This invention is directed to material reduction rotary grinding mills of the ball, rod or autogenous type, and in particular to an improved discharge arrangement for such mills.
The present day trend to increase in grinding mill sizes particularly mill length has accentuated the problems encountered in providing adequate mill throughput together with optimum grinding media carrying capacity.
Two approaches to the problem of mill discharge as presently practiced comprise:
(1) the provision of grates at the discharge head, permitting passage of pulp to the head lifter zone, for readily inward displacement to the discharge orifice.
(2) the provision of a high level discharge through the mill orifice by fluid gradient referred to as an overflow mill.
The first mill type resuts in a so-called low level discharge mill, wherein the pulp exit level is maintained at a fairly low level in the mill drum. Unfortunately, the grates used are subject to becoming blocked, when plugging takes place. In the case of ball, pebble and autogenous mills the media which comprise a portion of the charge of the mill and serve to impact and grind down the rest of the charge, also wear down until they approach the size of the grate apertures, and can then be come wedged therein to cause plugging, increases in mill length, relative to diameter with corresponding need for increased grate throughput per unit area of grate lead more rapidly to plugging of the grates, with associated discharge problems.
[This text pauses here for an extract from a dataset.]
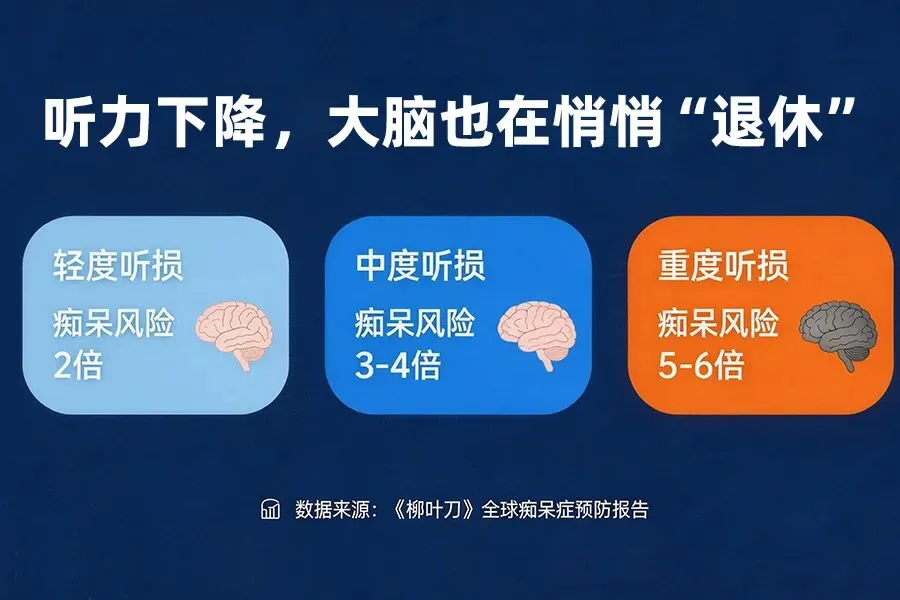 重度听力下降,风险高达5-6倍

Overflow mills are even more adversely affected by changes in mill size or porportion. In order to achieve a particular throughput or overflow it is necessary to provide a commensurate hydraulic gradient across the mill from the inlet to the outlet. An increase in mill length diminishes the gradient between inlet and outlet, unless the level at the inlet can be correspondingly raised or the level at the outlet can be correspondingly lowered. Such is not readily accomplished with existing arrangements without, at the same time, reducing grinding media carrying capacity.
The present invention provides, in a grinding mill having a reduction compartment bounded by heads at the ends thereof an improved mill discharge means intermediate the ends having an annular discharge zone from a reduction compartment of the mill with a substantially unobstructed slot intake located at a radius intermediate the interior radius of the discharge trunnion of the mill and the interior radius of the mill drum, and lifter means to discharge material therethrough.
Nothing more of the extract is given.